The Eye of God: A Sigma Force Novel sf-9
Page 38
He remembered Antarctica, a sneak peek of what might have happened globally. That event had led to the death of eight navy men, and that number would have been much higher, if not for the brave efforts and ingenuity of Lieutenant Josh Leblang, who had heroically rallied his men to safety. Painter was considering recruiting the kid into Sigma. He had great potential.
Still, they were not entirely out of danger—what had already been set in motion by the comet’s passing could not be stopped. A few meteors struck in the remote outback of Australia, more in the Pacific. A large rock hit outside of Johannesburg, but the impact did little more than frighten the animals in a nearby safari park.
The biggest danger was still posed by the asteroid Apophis. It had already been shifted from its regular path, and nothing could be done about that. While Sigma had succeeded in severing that quantum connection, it had done so too close to the point of no return. In the end, it proved too late to stop Apophis from striking the earth, but it was at least in time to keep the comet from pulling the asteroid into a direct path toward the Eastern Seaboard. Instead, the asteroid was destined to hit elsewhere.
Its current trajectory was now along a glancing course through the upper atmosphere, where that longer path should wear away much of its kinetic energy.

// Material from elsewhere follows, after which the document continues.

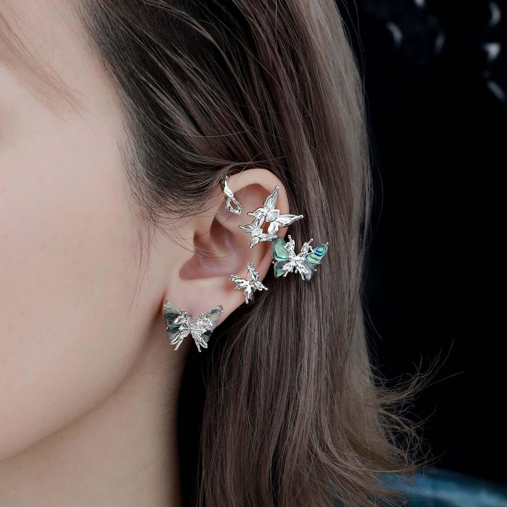 • Inspired by the surreal beauty of the "Butterfly Wasteland" collection, these earrings capture the enchanting image of a butterfly in flight. The large, intricate wings are inlaid with iridescent abalone shell, reflecting a captivating spectrum of colors with every movement.
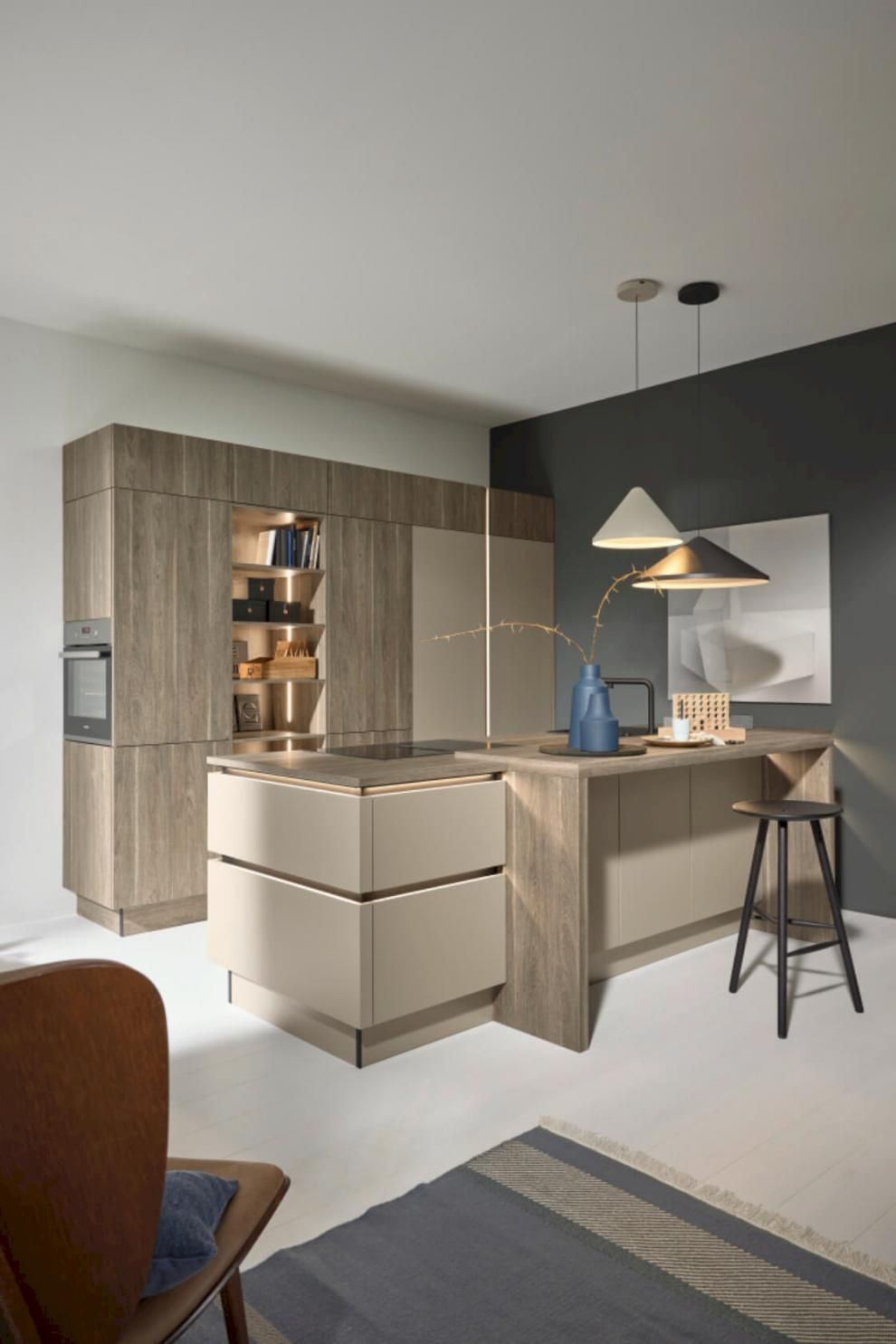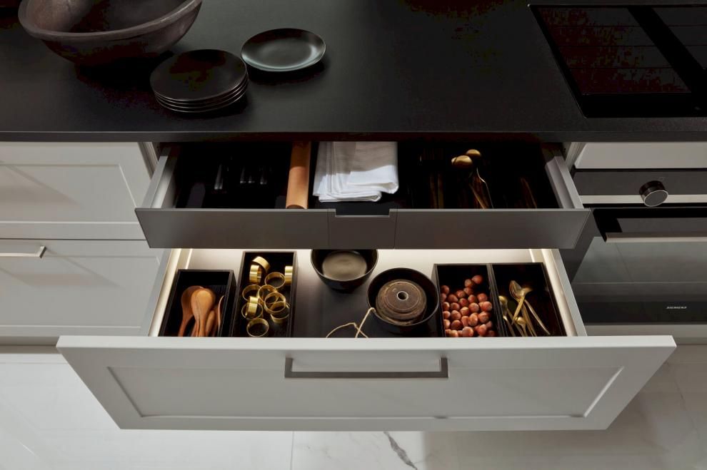 Avec une cuisine de campagne, on peut toujours en faire un peu plus. Vous pouvez donc opter pour des portes cadre. Cela passera du cadre large au cadre plus fin et du panneau central lisse aux rainures supplémentaires. Tout est permis ! Vous possédez une belle vaisselle à exposer ? Nous lui donnerons une belle place derrière une vitrine de grande classe, qui est également entièrement personnalisable à votre goût.

There also remained a high probability it would explode, but rather than casting its stellar debris across the Eastern Seaboard, it would rain down upon the Atlantic Ocean.
Or so they all hoped.
Painter searched Jada’s face for any sign of misgiving, any doubt in her calculations and projections, but all he read there was joy.

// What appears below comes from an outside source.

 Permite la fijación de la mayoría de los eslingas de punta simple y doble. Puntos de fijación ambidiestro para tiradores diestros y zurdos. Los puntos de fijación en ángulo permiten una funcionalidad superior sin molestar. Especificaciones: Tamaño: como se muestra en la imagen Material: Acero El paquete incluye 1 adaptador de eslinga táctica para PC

Then Jada turned away from the skies.
Another figure came running down the street, waving to them. She was a tall black woman in tennis shoes, jeans, and a heavy jacket, unzipped and flapping in her haste to join them.
Painter smiled, recognizing the appropriateness of this latecomer to the party. She truly should be here.
1:11 A.M.
“Momma!” Jada said, hugging her mother. “You made it!”
“Wouldn’t miss it!” she said, huffing heavily, clearly having run most of the length of the Mall to make it in time.
Jada took her mother’s hand, leaning against her.
They both stared up at the night sky, as they had so many times in the past, sprawled on a blanket watching the Perseid or Leonid meteor showers. It was those moments that had made her want to explore those stars, to be a part of them. Jada wouldn’t be who she was without her mother’s inspiration.
Fingers squeezed lovingly upon hers, full of pride and joy.
“Here it comes,” Jada whispered.
Mother and daughter held tight.
From the east, a roar rose and a massive fireball streaked into view, burning across the world, trailing streams of light and energy, shedding the very forces of the universe. It ripped past overhead, hushing the crowd with its fiery course—then came the sonic boom of its passage, sounding like the earth cracking. People fell to the ground, windows shattered throughout the city, car alarms wailed.
Jada kept to her feet next to her mother, both smiling, watching the flaming star rush to the east—where at the horizon, it exploded in a blinding flash, casting fiery rockets farther out, vanishing into the distance.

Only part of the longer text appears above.